Comment forecast: Bits of genius surrounded by a sea of mediocrity.
Basically, you're saying that this is an important incremental improvement over previous x86 processors. Which describes every new x86 processor right back to the 8088. So you have to ask: why did Intel abandon the incremental approach with the Itanium? It's locked them in as the dominant CPU maker since forever.
Perhaps somebody was bored with the whole Pentium architecture.
10-15 years ago, everyone else in the industry thought x86 was a dead end. Massive amounts of investement poured into RISC alternatives like Alpha and PPC.
Perhaps Intel believed the conventional wisdom and felt they had to eventually drop x86.
causing hit counters to go up artificially just to see 'next page' drives me nuts!
--
"It is now safe to switch off your computer."
And conventional wisdom was correct.
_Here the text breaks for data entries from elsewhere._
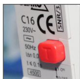
przycisk kontrolny TEST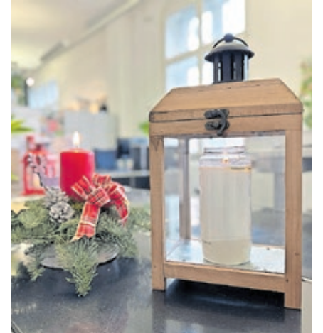
Das Friedenslicht aus Bethlehem ist ab Mitte Dezember an der Infotheke im Rathaus St. Johann zu finden.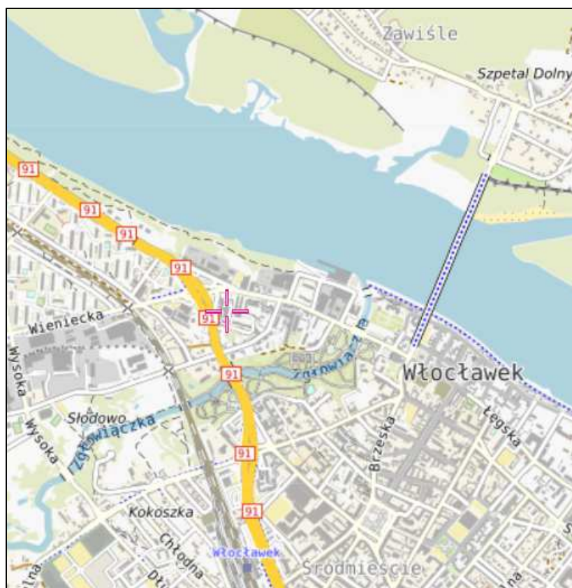
Rys. 1 Lokalizacja badanego obiektu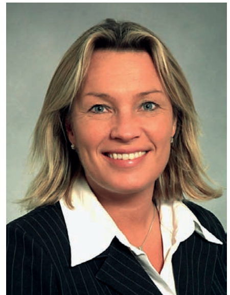
Udenrigsminister Lene Espersen undergraver sine egne kernevælgere.

Det er jo meget uheldigt, at regeringen officielt giver udtryk for, at man er tilhængere af den danske model, når virkeligheden er, at medlemmer af regeringen medvirker til at undergrave selv samme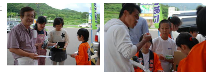
【村からオレンジの法被を借りてPR活動】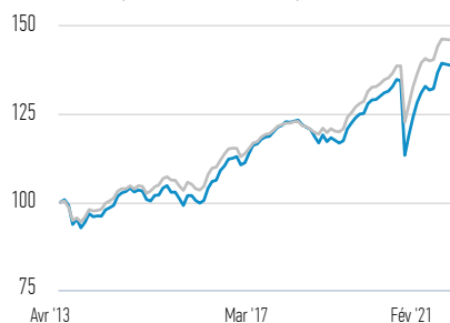
Performance de 100 USD investis depuis le lancement (valeur de rachat)

— Classe I Parts — JPM Corporate Emerging Markets Bond Index-Broad Diversified Index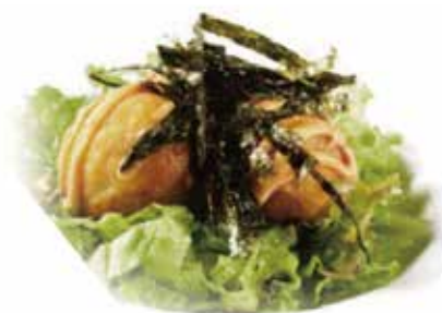
23.TAKOYAKI € 7.00 (polpette di polipo, tonno essiccato, salsa rossa)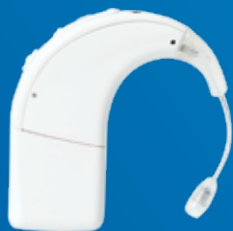
Processeur de son Naída CI

Les situations bruyantes sont encore plus difficiles à aborder avec une audition limitée à une seule oreille. Mais avec la solution Naída Link CROS, vous pouvez profiter des microphones sur chaque oreille pour vous concentrer sur la personne en face de vous et ignorer les sons indésirables qui vous entourent.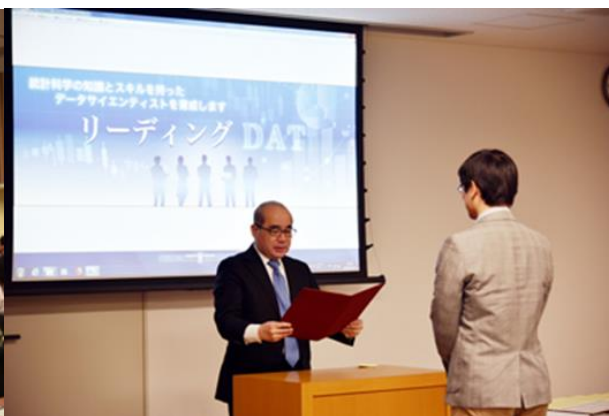
「養成コース」修了証交付式の様子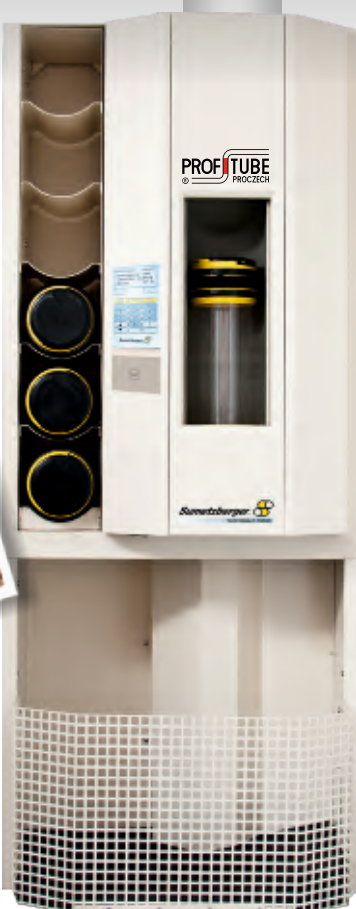
nejmodernější stanice pro nemocniční oddělení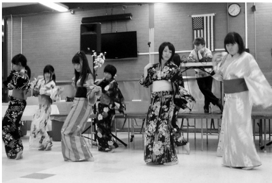
歓迎バーベキューパーティーにて日舞を披露 (CCHSカフェテリア)

が自分の目や耳で直接体験することは計り知れない素晴らしい経験であり、生涯において大変貴重な財産になったことでしょう。 この訪問団を受け入れていただくにあたり、事前の準備から滞在中の引率など、CCNNのメンバー、ホストファミリーの皆さんをはじめ、コンコード町の方々に心より感謝申し上げます。 来年は姉妹都市提携から15周年という記念の年を迎えますが、これまでの姉妹都市交流のあゆみを振り返り、両町がお互いの文化や志を高め、さらに世界平和のため、より一層の友好関係を続けてまいります。 ※CCHS⇨コンコードカーライル高校 ※CCNN⇨コンコードカーライル七飯ネットワーク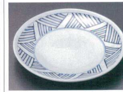
ス163-69-2 矢羽根 5.0丸皿 (φ16.2×2.5cm) ¥830 2226163069 ス163-610-2 矢羽根 40.丸皿 (φ12.7×2cm) ¥600 2226163610 ス163-611-2 矢羽根 3.0丸皿 (φ10.3×2cm) ¥430 2226163611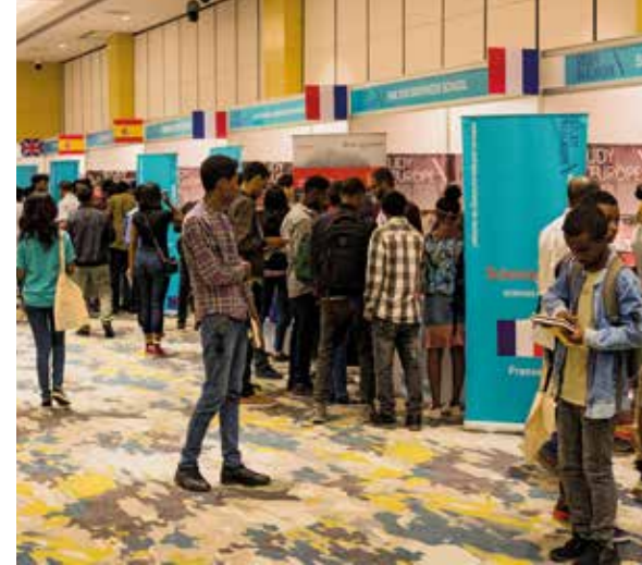
↑ Salon Study in Europe en Éthiopie.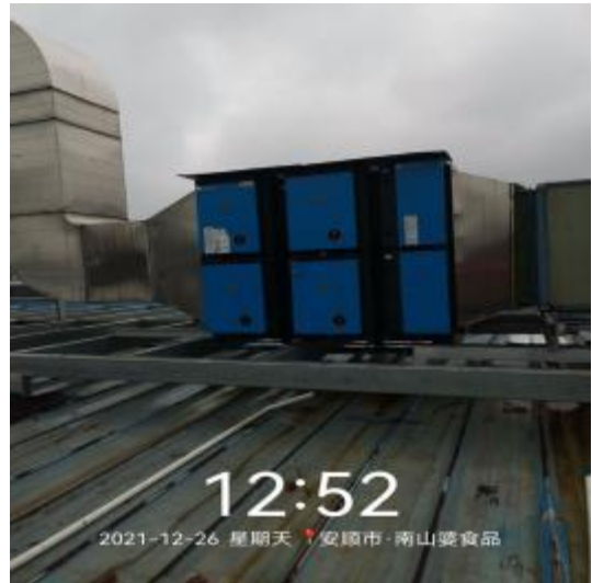
净化器机箱施工前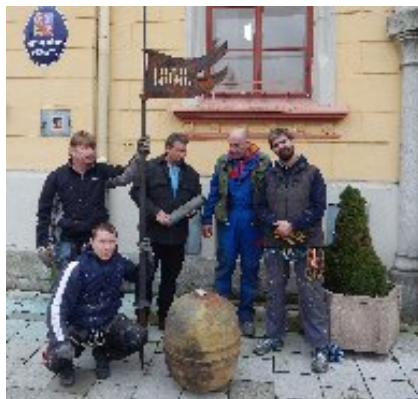
Demontáž makovice vidnavské radnice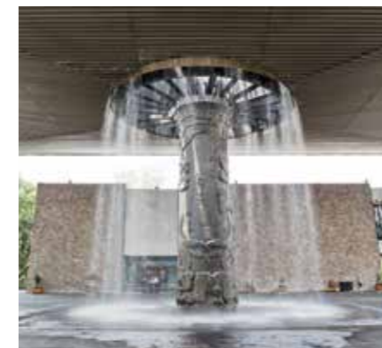
MUSEO NACIONAL DE ANTROPOLOGÍA

El Bosque de Chapultepec aloja algunos de los museos más importantes, como el Museo Nacional de Antropología , con una vasta colección de objetos de la historia del país; el Museo de Arte Moderno , con una retrospectiva permanente del arte mexicano del siglo XX; el Museo Tamayo , que expone arte contemporáneo, y el Papalote Museo del Niño , un mundo de maravillas. El parque se divide en tres secciones y cuenta con un zoológico , el Castillo de Chapultepec —que alberga el Museo Nacional de Historia —, el Museo de Historia Natural de la Ciudad de México y un gran lago con renta de lanchas. En Polanco encontrarás las más prestigiosas boutiques de artículos de lujo sobre la calle Presidente Masaryk, además de galerías de arte, como la Sala de Arte Público Siqueiros , y algunos de los mejores restaurantes de la ciudad, mientras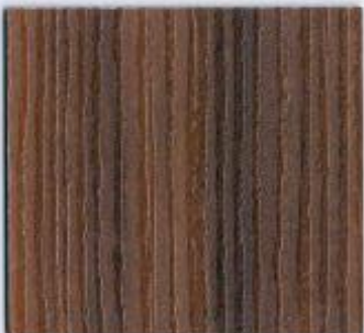
D 7935 SD Wallis Zweischoige Stärke: 19 mm

They just underestimated the power of the entrenched software library. Intel processors since the Pentium Pro have basically been RISC cores with a x86->RISC translator in front. This allows them to ramp up the speed of the core, even change core architectures while still running all the old code. It costs at the fairly small cost of the gates needed for the translation frontend. It has another advantage in that CISC operations take up less room in cache so you get much better utilization out of your expensive cache resources. Intel started the Itanium project for two reasons, HP needed a new flagship chip and they are a large enough customer to sway Intel, and two they were tired of Cyrix and AMD copying their designs so they were going to make a tightly controlled architecture where EVERYTHING was covered by patents and copyright, that way they thought they could have the whole pie to themselves. What they didn't realize is that while they are a big player the only reason people keep using their chips is that they have maintained that backwards compatability path, throw that away and Intel is just another chip maker and others like IBM, Motorolla, etc may look better.
There are 4 boxes to use in the defense of liberty: soap, ballot, jury, ammo. Use in that order. Starting now.
Quoting the AMD64 Architecture Programmer's Manual Volume 2: System Programming:
"The NX bit in the page-translation tables specifies whether instructions can be executed from the page."
So non-executable pages are already present in AMD64.
In Windows, you only get 2 GB of address space for your process (WinXP & expensive Win2K Server versions can give 3 GB, which helps). Into this address space is loaded your executable code (including all system DLLs) and your stack (by default 1 MB of address space is reserved for every thread), and these tend to be scattered around a bit, which breaks up the available address range considerably.
Now if your app needs to allocate large (200+ MB) areas of memory, how many of those do you think you can get from a 2 GB RAM machine? Not enough :-) In fact you may find that as little as 50-60% of your available RAM can be allocated into large chunks, and all the rest is only available as countless smaller fragments. The larger the contiguous RAM blocks you want, the less of them you can allocate.
With a 64 bit CPU, there's no more problem. The MMU can map scattered pages of your available physical RAM to any contiguous section of the massive 64 bit address range, and you can utilise all the RAM you have in any size chunk you wish :-)
Why would anyone engrave "Elbereth"?